EmCRT P5 peptide identified as C1q-binding site, suppressing classical complement pathway and neutrophil functions

Alveolar echinococcosis is a severe parasitic disease caused by Echinococcus multilocularis larvae, which employ sophisticated immune evasion tactics to survive within the host. One such strategy involves the parasite's calreticulin (EmCRT), previously shown to bind human complement component C1q and inhibit C1q-initiated complement activation. Understanding this interaction is crucial, as the complement system is a primary defense mechanism. The specific gap addressed by this study was to precisely identify the C1q-binding site on EmCRT to elucidate the molecular mechanism of immune evasion.

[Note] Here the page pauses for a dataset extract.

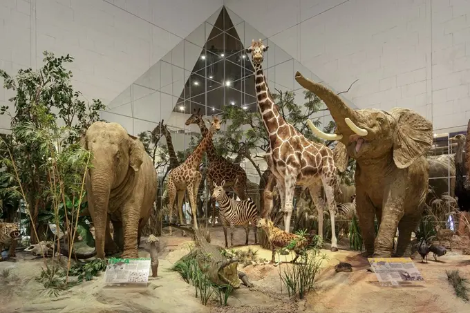Музей предлагает глубокое и увлекательное знакомство с природой. На входе встречают скульптуры динозавров и доисторических животных в натуральную величину — от мамонта до пещерного льва. Это отличное место для фотосессий и первого знакомства с эволюцией. В нескольких залах можно увидеть диорамы с животными в их естественной среде обитания, экосистемы разных континентов: от тропиков до полярных регионов. На первом этаже находится живая экспозиция, где обитают бабочки, палочники, скорпионы и паук-птицеед.
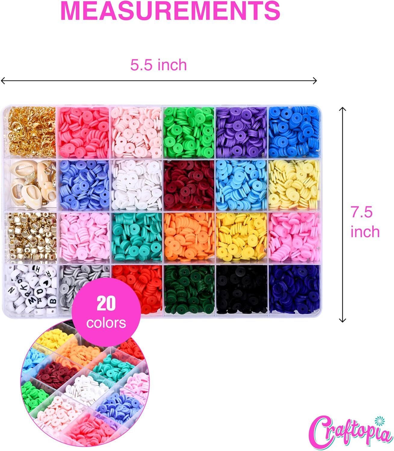 About this item UNLEASH YOUR CREATIVITY: Dive into the world of jewelry making with our bracelet making kits. This clay bead bracelet kit is designed for easy and enjoyable crafting. No skills required, just a spark of inspiration and our friendship bracelet kits. EXPLORE ENDLESS POSSIBILITIES: Our comprehensive making bracelets kit opens up a world of endless possibilities. Featuring an abundance of clay beads, get ready to craft a wide variety of stunning jewelry pieces with our bead kits. ORGANIZED FOR CONVENIENCE: Each color in our beaded bracelets kit is neatly stored in its own compartment. Say goodbye to worries about bead color mixing and embrace hassle-free crafting with our bead making kit. ABUNDANT SUPPLY OF RIBBON: With a generous length of 50 yards, our ribbons provide ample supply for all your crafting needs. Whether you're working on a small project or a large one, our ribbon pack has got you covered. VIBRANT PINK RIBBON FOR LIVELY ACCENTS: Add a pop of color to your projects with our pink ribbon, 1 1/2 inch, 100 yards. Its vibrant shade adds liveliness and freshness to any craft. Dimensions: 15 x 13.8 x 0.9 inches.

Researchers employed a systematic approach to pinpoint the C1q-binding site on EmCRT. They first expressed overlapping fragments of EmCRT and conducted functional assays to narrow down the active region. This led to the identification of the EmCRT-S1 fragment, encompassing amino acids 140-204. Subsequently, overlapping synthetic peptides covering this EmCRT-S1 region were synthesized and tested for C1q binding. The P5 peptide (EmCRT160-174 aa) was then evaluated for its ability to suppress C1q-mediated classical complement pathway activation and C1q-induced neutrophil functions, including chemotaxis, reactive oxygen species (ROS) production, cathepsin G release, and myeloperoxidase activity.

The initial fragment expression and functional assays successfully narrowed the C1q-binding site to the EmCRT-S1 fragment, located between amino acids 140 and 204 of EmCRT. Further investigation with synthetic peptides precisely pinpointed the binding site to the P5 peptide, corresponding to amino acids 160-174 of EmCRT. This P5 peptide demonstrated significant immunomodulatory activity. Specifically, the binding of P5 peptide to C1q markedly suppressed the activation of the C1q-mediated classical complement pathway. Beyond complement inhibition, the P5 peptide also significantly inhibited several C1q-induced neutrophil biological functions. These included a marked reduction in neutrophil chemotaxis, decreased production of reactive oxygen species, and suppressed release of both cathepsin G and myeloperoxidase.